Galleria Vik Milano is pleased to present Travelogues. Diari di viaggio, a group exhibition bringing together a generation of Italian artists who came of age between the 1990s and the early 2000s, a period marked by a renewed interest in painting as a critical language and a way of engaging with reality.
In those years, at the height of the postmodern season, figurative painting regained a central place in the artistic debate, reinterpreting in a contemporary key — as happened in other fields such as cinema and literature — the great classical genres of tradition: portrait, still life, and landscape. New momentum came through collective experiences like the Officina milanese, a movement that gathered some of the most attentive painters of the time around a shared reflection on landscape as a form of visual and symbolic identity.

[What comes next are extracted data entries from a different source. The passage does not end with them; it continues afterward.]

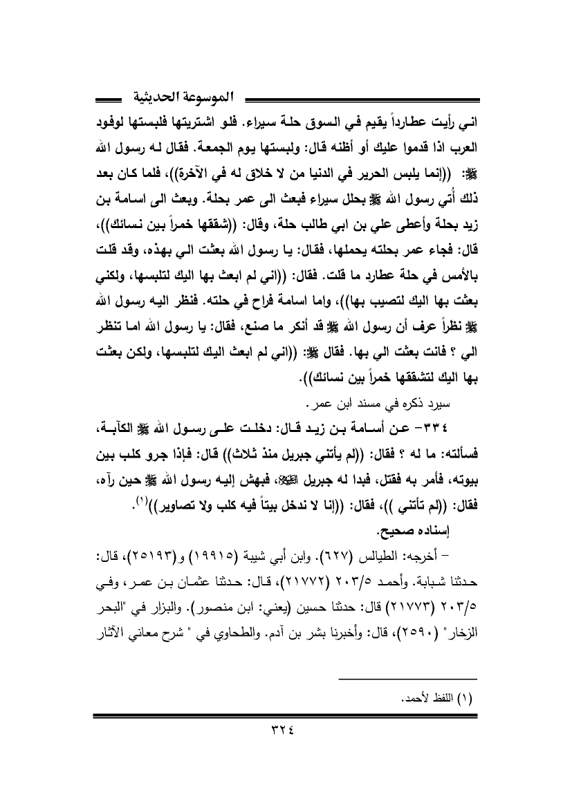 إني رأيت عطاردًا يقيم في السوق حلة سيراء. فلو اشتريتها فلبستها لوفود العرب إذا قدموا عليك أو أظنه قال: ولبستها يوم الجمعة. فقال له رسول الله -صَلَّى اللهُ عَلَيْهِ وَسَلَّمَ-: ((إنما يلبس الحرير في الدنيا من لا خلاق له في الآخرة))، فلما كان بعد ذلك أُتي رسول الله -صَلَّى اللهُ عَلَيْهِ وَسَلَّمَ- بحلل سيراء فبعث إلى عمر بحلة. وبعث إلى أسامة بن زيد بحلة وأعطى علي بن أبي طالب حلة، وقال: ((شققها خمرًا بين نسائك))، قال: فجاء عمر بحلته يحملها، فقال: يا رسول الله بعثت إلي بهذه، وقد قلت بالأمس في حلة عطارد ما قلت. فقال: ((إني لم أبعث بها إليك لتلبسها، ولكني بعثت بها إليك لتصيب بها))، وأما أسامة فراح في حلته. فنظر إليه رسول الله -صَلَّى اللهُ عَلَيْهِ وَسَلَّمَ- نظرًا عرف أن رسول الله -صَلَّى اللهُ عَلَيْهِ وَسَلَّمَ- قد أنكر ما صنع، فقال: يا رسول الله اما تنظر إلي؟ فأنت بعثت إلي بها. فقال -صَلَّى اللهُ عَلَيْهِ وَسَلَّمَ-: ((إني لم أبعث إليك لتلبسها، ولكن بعثت بها إليك لتشققها خمرًا بين نسائك)).
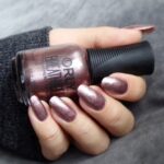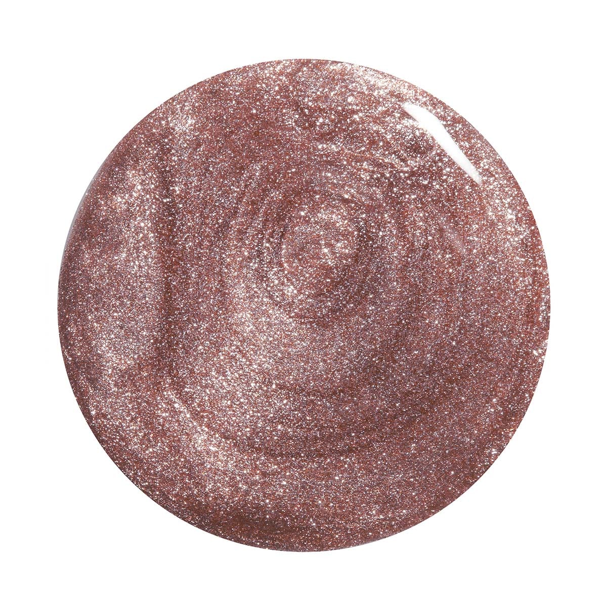 En roségull neglelakk med shimmer og innslag av brunt, gull og mauve – varm, glitrende og elegant.
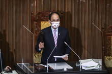 2021-12-24 12:46:23攸關新竹縣市合併升格的「地方制度法」修法,立法院民進黨團立委從21日開始,就在議場大門前輪值,確保「地制法」修正草案能排入今天立法院院會的增列報告事項;不過,國民黨立委在院會表決議事日程草案結束時,大喊「反對地制法逕付二讀」一擁而上衝上議場主席台,而主持今日院會的立法院長游錫?宣布會議休息。
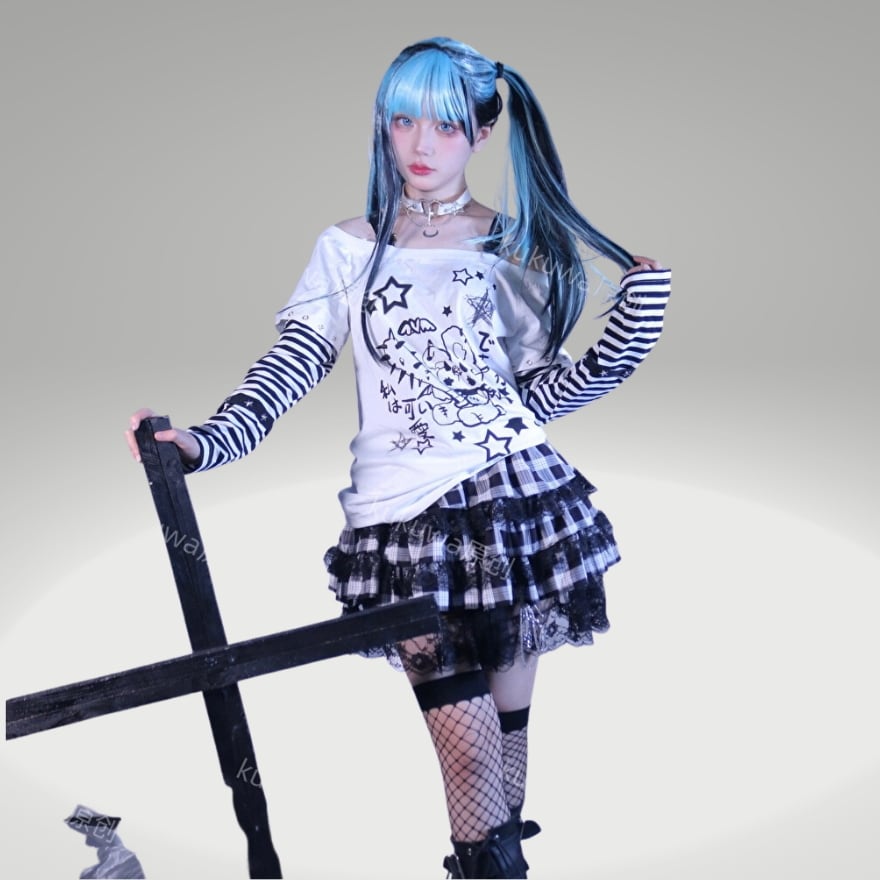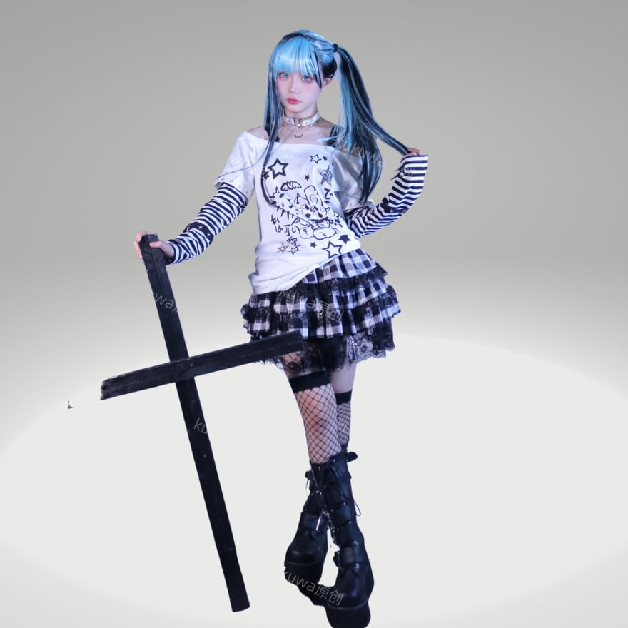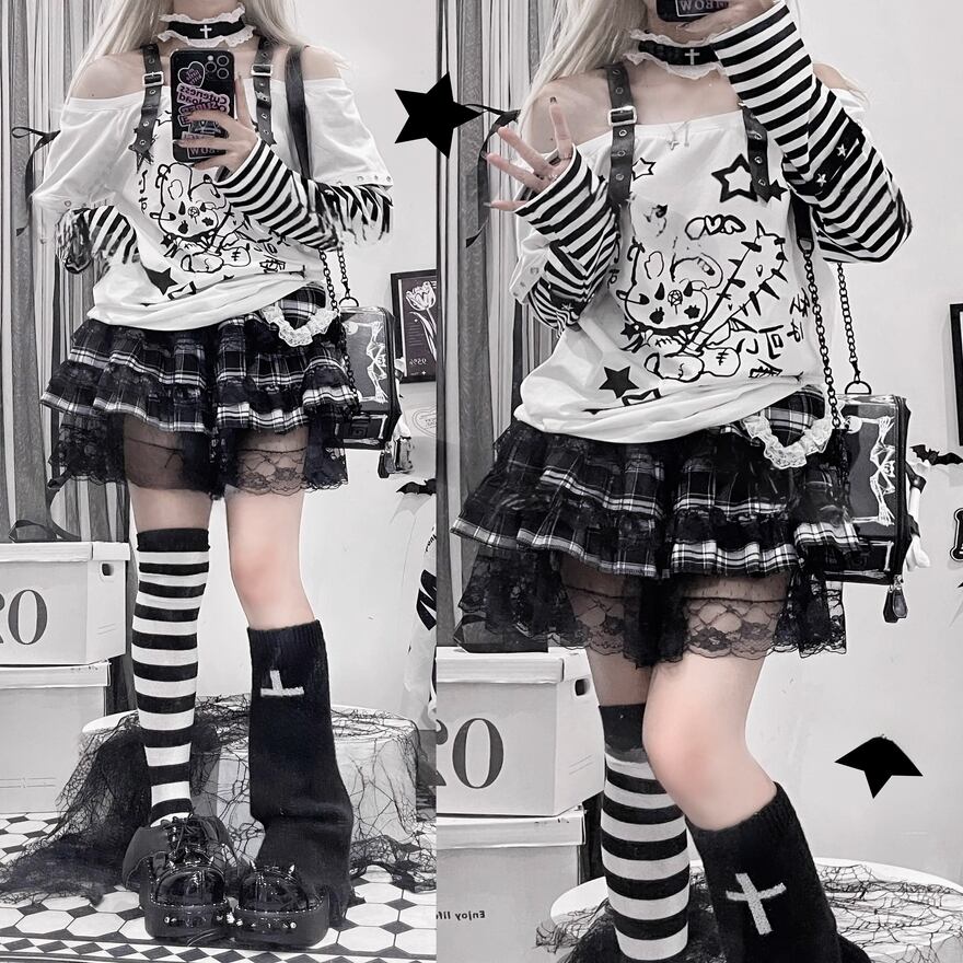 SEASONZ ミニスカ チェック柄 レース レイヤード ストリート系 パンク darkness 病み可愛い ゴシック 地雷服 バンギャ ゆめかわ
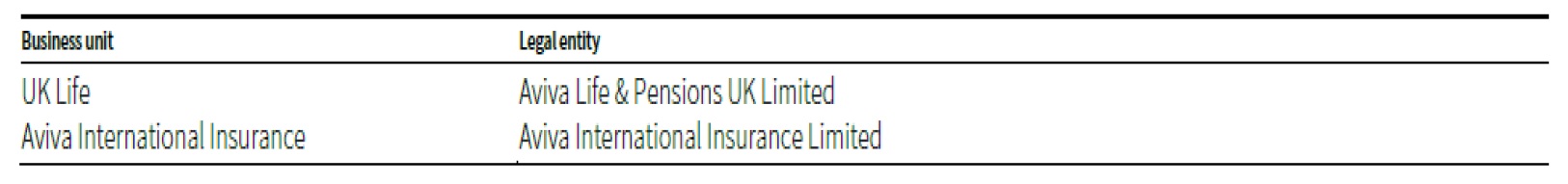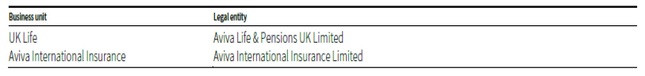 Aviva Groupは、以下の会社に、技術的準備金に関する移行措置を適用している。
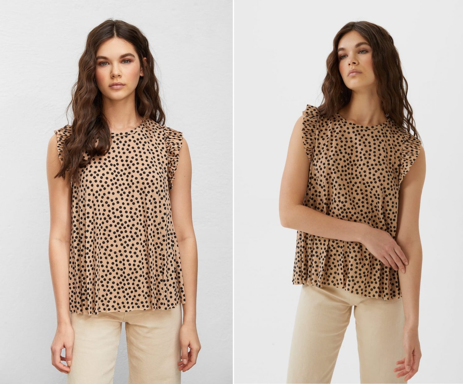 La comodidad también se posiciona en ella, porque como vemos, apuesta por un estilo flojo o maxi, como hoy lo conocemos. Eso sí, con un toque fruncido en la parte de los hombros y con un estampado de lo más alegre. ¿No te parece una gran idea para estrenar próximamente?
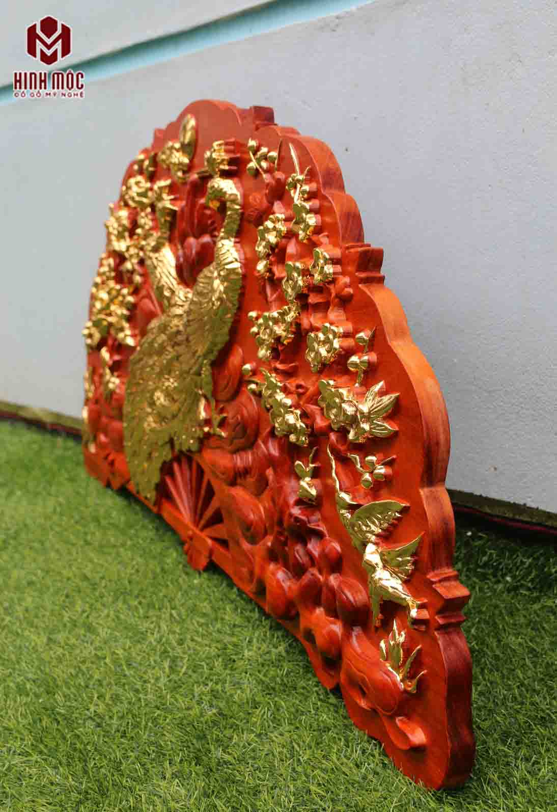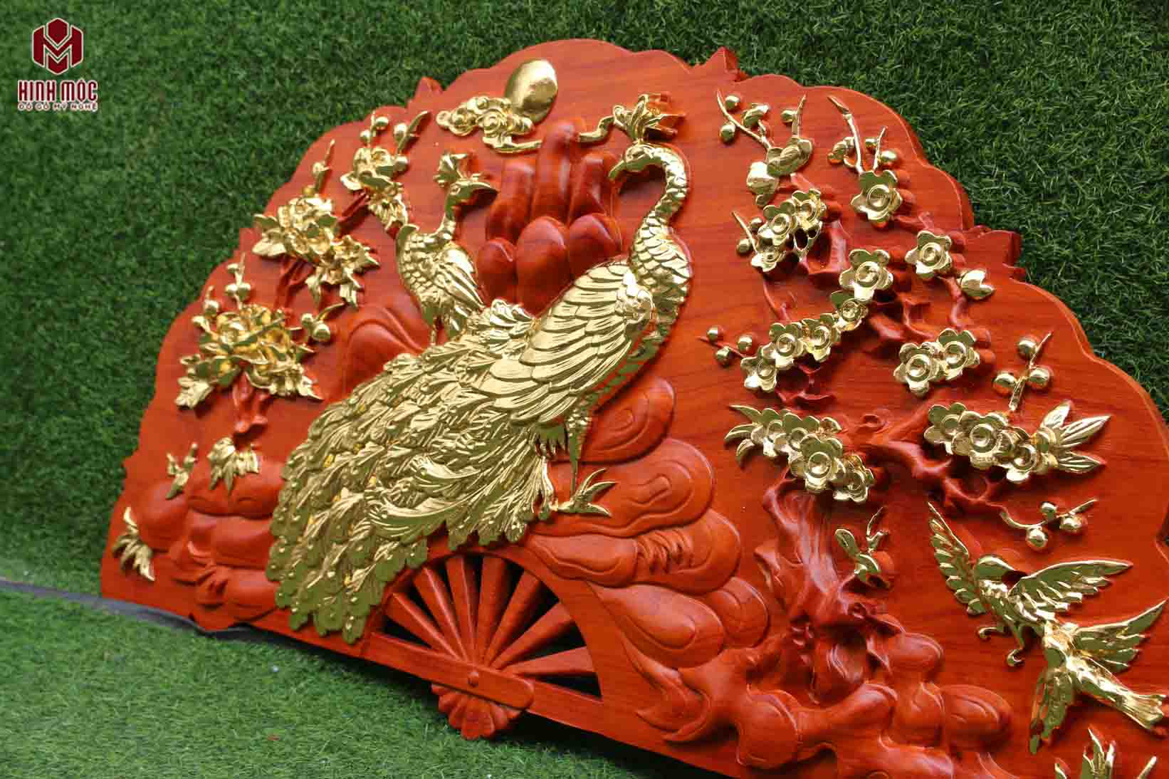 Quạt đục hình đôi chim công trống mái, bên cạnh là bụi hoa phù dung nở rộ. Hình ảnh này là 1 hình ảnh vui tươi sinh động. Hơn nữa, đây lại mang ý nghĩa hoan hỉ, mừng cho tình nghĩa vợ chồng gắn bó dài lâu. Quạt đục trên gỗ hương liền khối, phần đục nổi 1cm. Đục sắc nét, gia công kĩ càng. Sơn PU và mạ vàng 24K cao cấp.
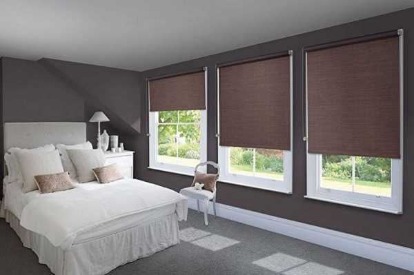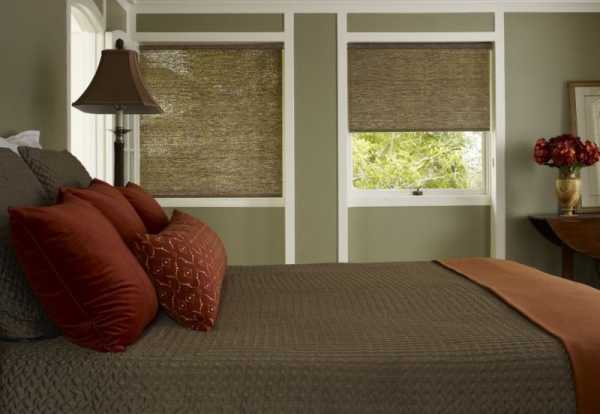 Это не означает, что рулонные шторы в интерьере спальни должны быть стопроцентно светонепроницаемы. Их производят и из обычной ткани, бамбуковой соломки, полупрозрачных материалов. В таких случаях для обеспечения полного затенения придется сочетать рулонные полотна с плотными портьерами или оснастить окна ближе к остеклению дополнительными светофильтрами, поднимать их днем и опускать на ночь. Еще один вариант ― рулонные жалюзи «день-ночь». Они состоят из двух полотен: прозрачного и светонепроницаемого, в дневное и вечернее время работают по принципу «портьеры – тюль». Выбор широк, для любой спальни при желании всегда найдется оптимальный вариант.
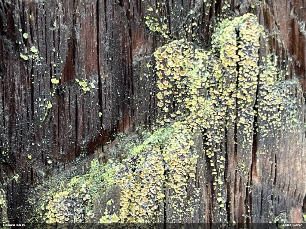 2. foto pakāje izskatās viegli rozīga, pats augļķermenis arī tāds nav tīri dzeltens, mazliet brūngani pleķi. Plus augšanas laiks septembrī uz plikas koksnes (ne sūnām) - viss liecina, ka drīzāk vajadzētu būt F.licentii
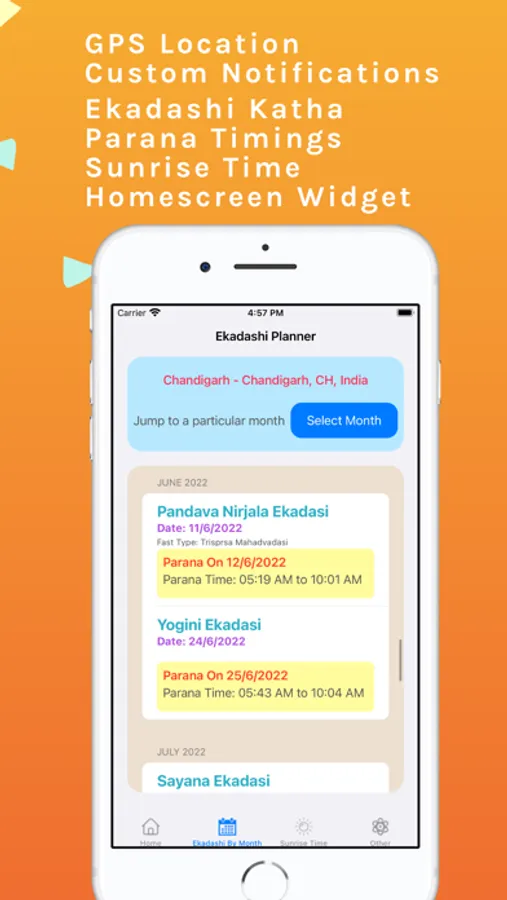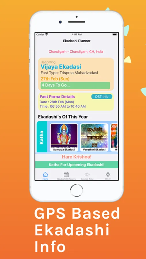 *The app is designed to show the Upcoming Ekadashi Vrat Observing date & Parana timings as soon as you open the app.
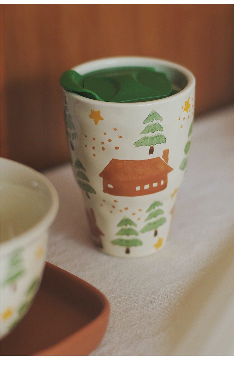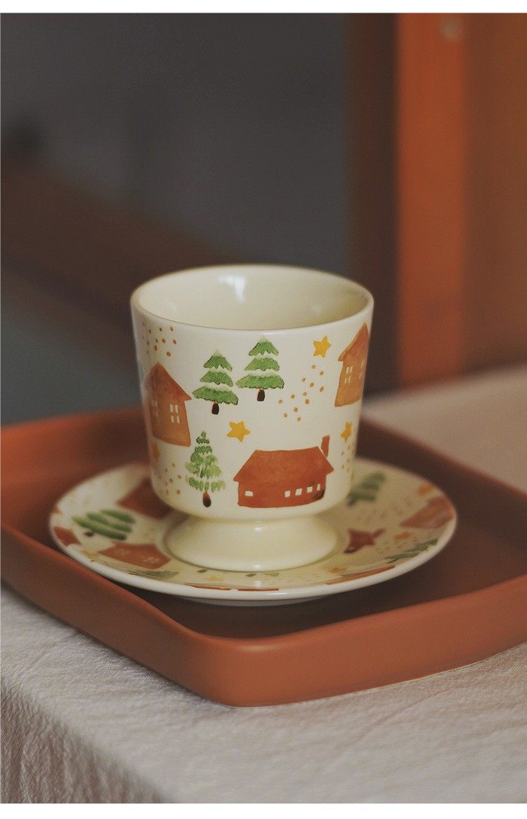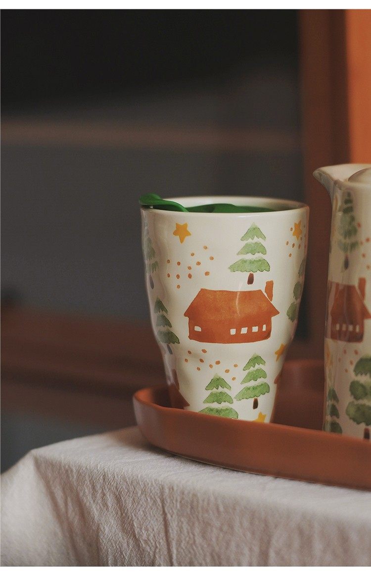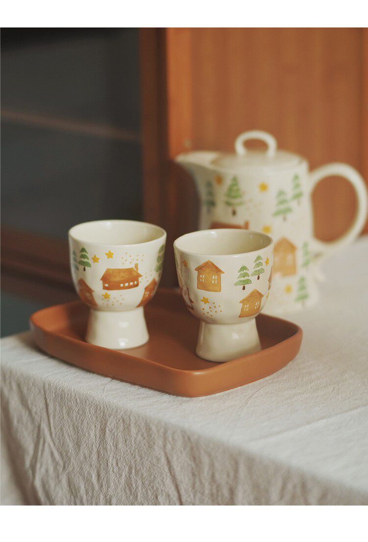 House and Tree Hand-Painted Ceramic Tableware Kettle Coffee Cup Set
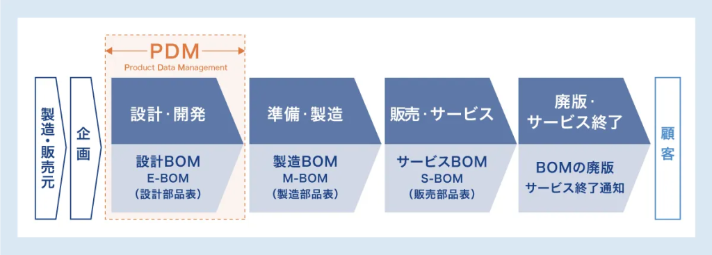 - PDM(製品情報管理)とは、CADデータやE-BOMなど設計・開発段階の情報を一元管理するシステムである
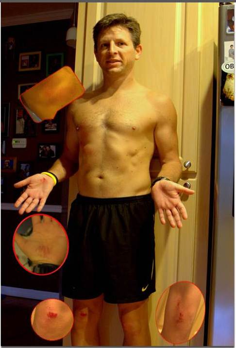 I hope everyone does laugh because it is funny. Here I am, Ironman, Running Coach and motivator, on the ground bleeding for a full 10 seconds. What makes it even more funny, is that I teach two major aspects when I coach form. First is to raise your knees in order to make you lighter like a gazelle, second is to look five feet in front of you. Well,obviously if I was actually following my own advice this wouldn’t have happened. (Pause for more laughs)
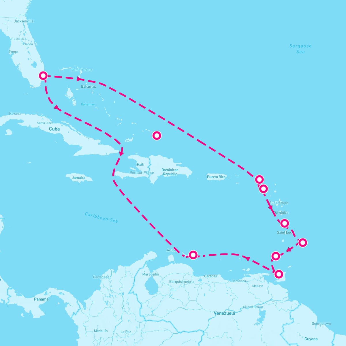 This route includes fort-lauderdale-florida, philipsburg-st-maarten, basseterre-st-kitts, fort-de-france-martinique, bridgetown-barbados, st-georges-grenada, port-of-spain, kralendijk-bonaire, grand-turk-turks-caicos.
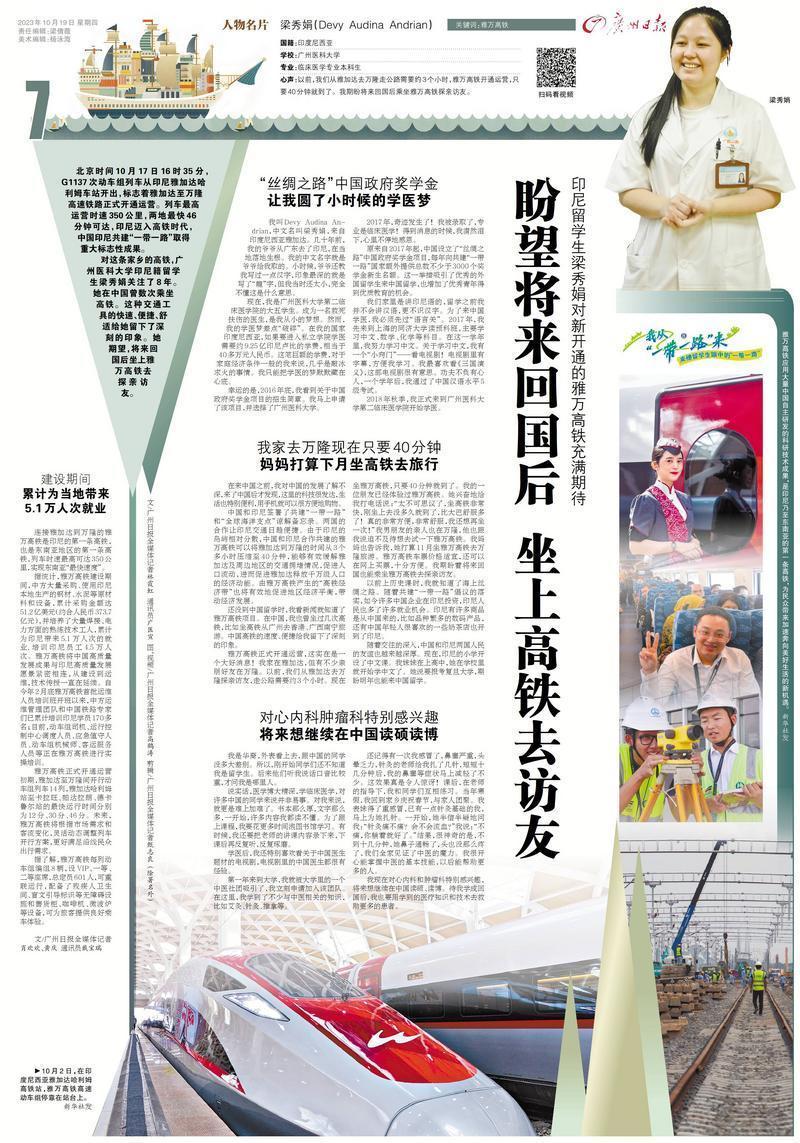 对这条家乡的高铁,广州医科大学印尼籍留学生梁秀娟关注了8年。她在中国曾数次乘坐高铁。这种交通工具的快速、便捷、舒适给她留下了深刻的印象。她期望,将来回国后坐上雅万高铁去探亲访友。

Travelogues belongs to this line of research, with curator Alessandro Riva as one of its main critical voices. His commitment to this area is evidenced by numerous exhibitions from those years exploring the relationship between traditional genres and contemporary experimentation — notably Sui generis – Redefining genre in new italian art, held at the PAC in Milan in 2000, which focused on the transformation and overcoming of classical genres in contemporary painting.
Twenty years later, this new exhibition offers an updated reflection on the theme of travel and the role of landscape — real, mental, and symbolic — in the work of twelve Italian artists, at a time when the very idea of landscape seems to have dissolved.
In recent decades, landscape — understood as a physical and cultural space imbued with form, memory, and identity — has undergone a profound transformation, almost to the point of vanishing. Widespread urbanization, the blurring of boundaries between city and countryside, and the proliferation of anonymous, utilitarian structures have created a hybrid, indistinct territory. Alongside this concrete change has come a perceptual dematerialization: landscape is no longer experienced as a direct and continuous encounter, but as a fragmented stream of images, filtered through screens and digital devices.
In this scenario, painting assumes a role of resistance and symbolic reconstruction. The artists on display reimagine landscape not as a mere representation of reality, but as a mental, emotional, and cultural space — an interior diary to be rebuilt through memory, imagination, and observation.
From Marco Petrus’ geometric, stylized Milan to the timeless, suspended mountains of Velasco Vitali and Alessandro Busci; from the “supernature” of Massimiliano Alioto, where natural and artificial elements merge in an organic and disquieting vision, to the great cities reinterpreted with the measured, luminous gaze of Aldo Damioli’s neo-vedutism; from the rarefied, almost informal countryside and seascapes of Giovanni Frangi and Alessandro Papetti, to Enrico Lombardi’s metaphysical, primal landscapes; from Luca Pignatelli’s views suspended between modernity and archaism, to Bernardo Siciliano’s vertiginous New York, and Andrea Zucchi’s intimate, exotic inner journeys — for all of them, landscape becomes a complex place of observation and projection, geography and memory, reality and constructed vision.
The exhibition’s only sculptor, Paolo Cassarà, turns his gaze not to the external landscape, but to one interiorized in the bodies and gazes of his contemporary female travelers: restless, hurried, and slightly neurotic figures moving through both physical and mental spaces with the same frenzied tension that defines our times.
Travelogues. Diari di viaggio thus offers an itinerary of visions, memories, and layered narratives, where travel is not merely physical displacement but a true exercise of vision. It is a tribute to painting as an act of resistance, and to its enduring capacity to evoke a possible geography of meaning.